En 2011, j’ai 25 ans et j’assiste la photojournaliste Donna Ferrato dans son travail sur les femmes battues de Rikers Island. Devant l’entrée de cette prison située sur une île entre le Bronx et le Queens, il y a une « agence de cautionnement ». Avec ses néons et ses photos d’identité judiciaire de célébrités en vitrine, elle m’intrigue. Dans Manhattan, Brooklyn, Chinatown, il y en a beaucoup d’autres, toujours à deux pas des commissariats.

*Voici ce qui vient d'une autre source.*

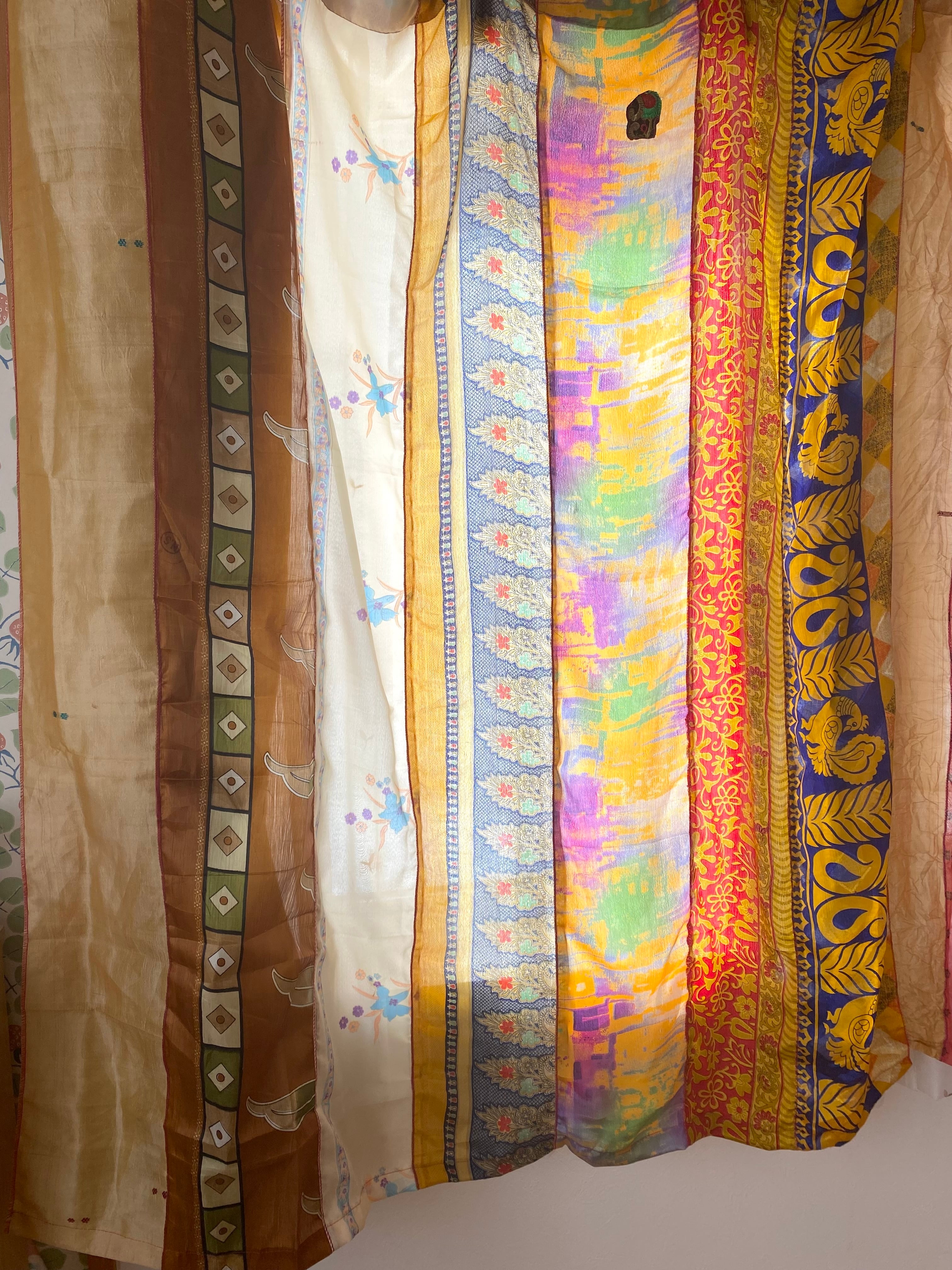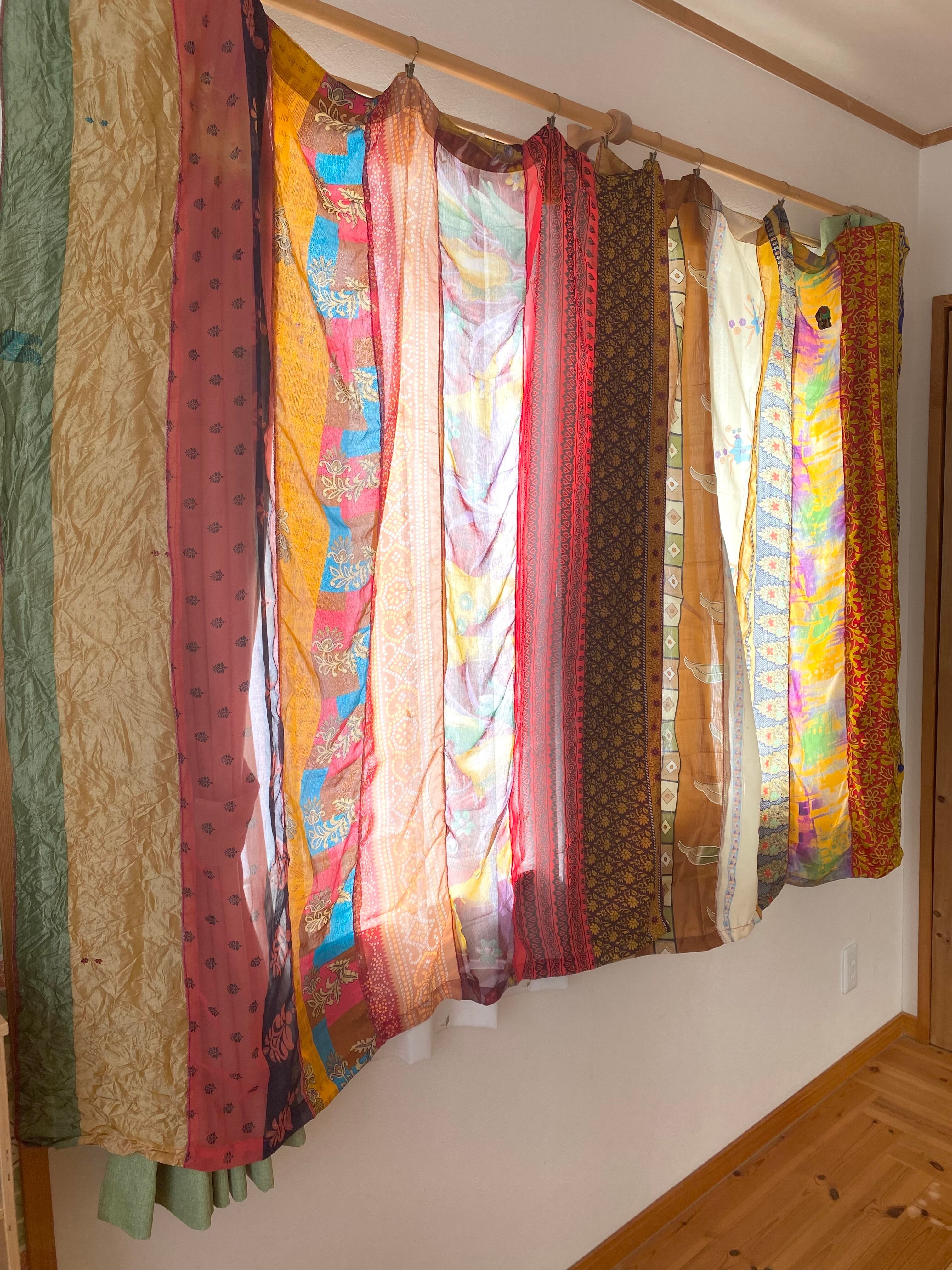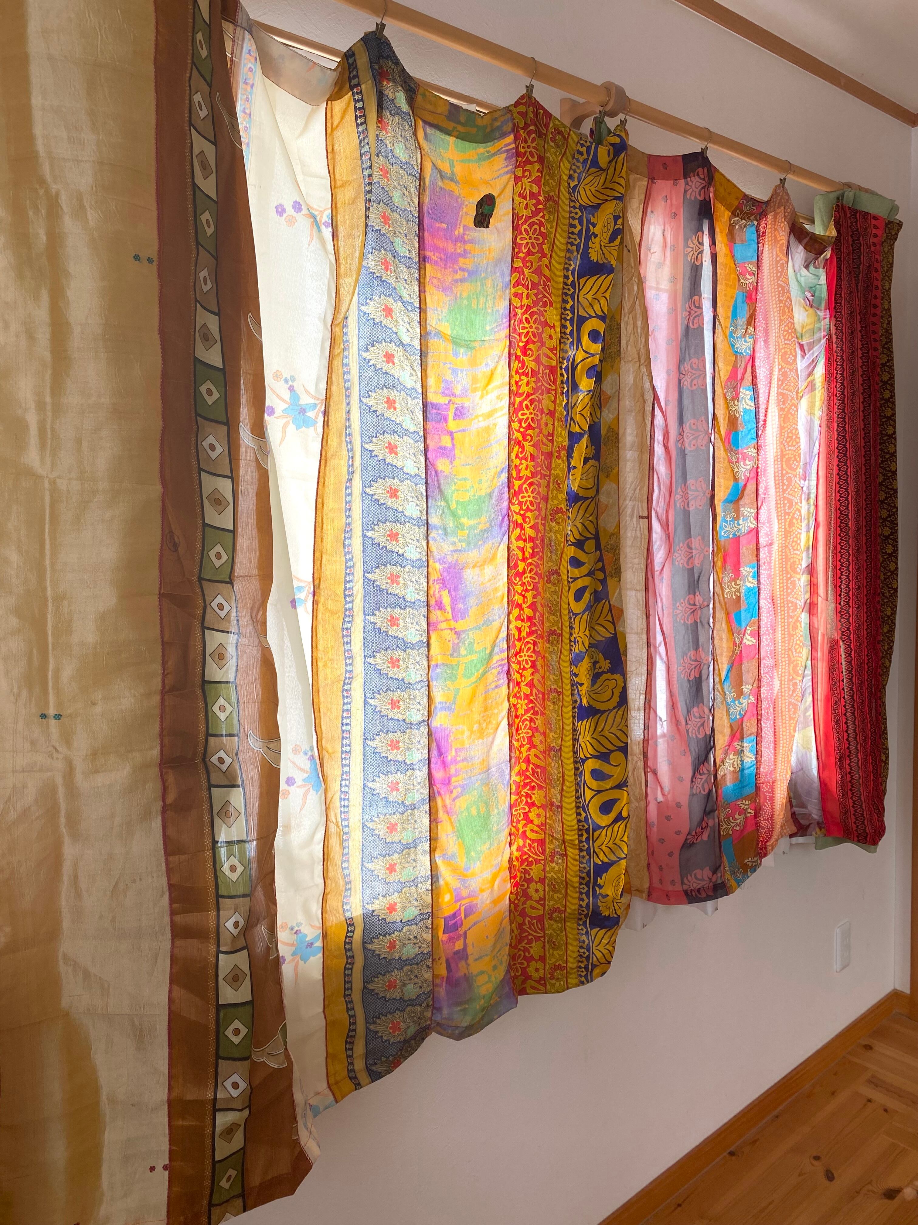 ヴィンテージサリーで出来たパッチワークシルクカーテン

Avec mes yeux d’Italienne, je peine à comprendre ce bout de système judiciaire américain où semblent se mêler crime et sécurité. Jusqu’à ce soir de 2012, où je rencontre Bobby Zouvelos, un Grec marrant de 2 mètres, dans un bar de Tribeca. Il bosse dans une de ces agences et m’explique tout ce que je dois savoir. Dès le lendemain, il me prête un gilet pare-balles et m’amène dans des barres d’immeubles grisâtres où il recherche un fugitif. C’est le début de ce projet qui va m’occuper deux ans et déboucher sur le livre Bail Bond: Bondsmen, Defendants and Bounty Hunters (Fabrica, 2014).
Bobby me présente son frère George, le boss, un personnage. La journée, c’est calme. La nuit, quand il traque les prévenus, l’ambiance est tout autre. On entre à la lampe de poche dans des appartements où on tombe parfois sur de la drogue, des traces de sang. À Baltimore, les chasseurs de prime ont le droit de porter des armes. D’ailleurs, il y a très peu de contrôle et des armes partout, ça me terrifie. Au début, j’ai peur, j’ai du mal à prendre des photos – sans parler du manque de lumière : beaucoup sont floues. Les proches des prévenus sont vulnérables, apeurés : ils pleurent parce que nous cherchons leur fils, leur petit-ami, leur frère. Ils mentent pour ne pas qu’on les retrouve. Et moi, je dois demander des autorisations de publication pour mes photos. Je suis mal à l’aise mais assez surprise : la plupart acceptent sans poser de question. En fait, tout le monde est assez content de se montrer.